Cyber security as a formalised profession is a relatively new concept. For example, the UK Cyber Security Council, a professional body, was created in 2021, and Ghana’s regulation of cyber professionals was introduced in 2020. These initiatives, intended to organise and manage the cyber security profession in their respective countries, are among the strongest national actions taken to formalise the profession, yet are both less than five years old. Compared to other recognised professions such as accountancy, medicine, or engineering, which have decades or even centuries of professional history, cyber security is only in its infancy of professionalisation.
However, the idea of cyber security professionals is not new. People have been working to secure technologies and data long before “cyber security” entered the professional vocabulary. Industry veterans recognise terms like “IT security” and “information assurance” which were associated with cyber-like roles. Meanwhile, the US National Institute of Standards and Technology has had a computer security programme since 1972. Cyber security therefore has a rich history of practice to draw on in developing its profession. So while the role of protecting digital and physical assets is not new, cyber security does come with a lexicon which is perhaps more nuanced than its predecessors and this language is new to many business leaders who seek to understand the relevance and impact of cyber security in their organisations.

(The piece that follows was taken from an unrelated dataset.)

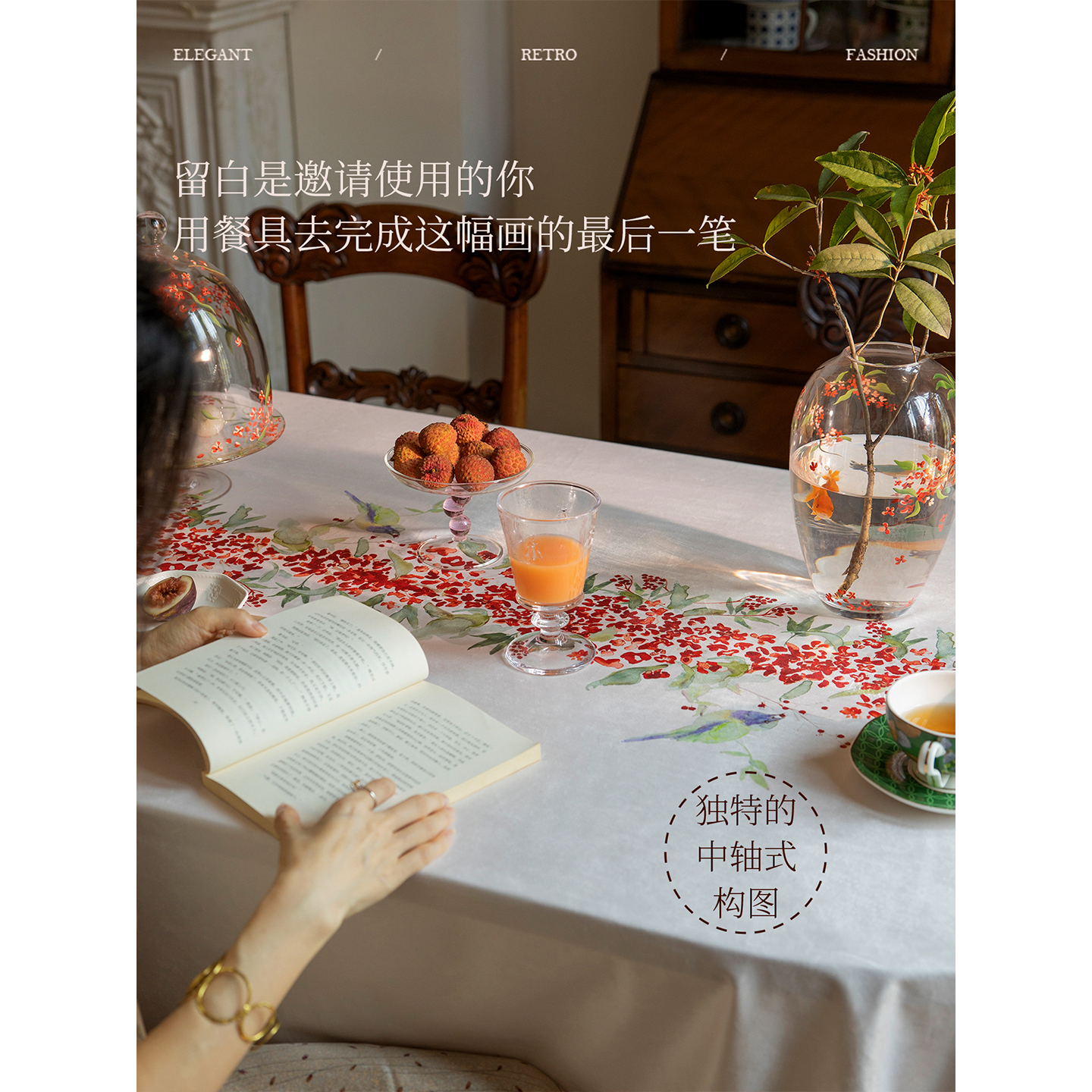 蜡笔派郭俊池联名|红果果系列|丹桂桌布防水餐桌布氛围感茶几布

The nascency of cyber security as a distinct profession offers an opportunity to create common understanding through a shared glossary of terms. The international community would be well-served by an agreed list of terms that underpin the profession. This glossary is not intended to define technical cyber security terms, but instead clarify shared understandings of terms related to professionalisation, such as “skill”, “role”, and “accreditation.” The glossary will enable people working in cyber security or looking to work in cyber security, as well as those designing training courses and educational programmes, to draw on the same building blocks regardless of what country they are operating in.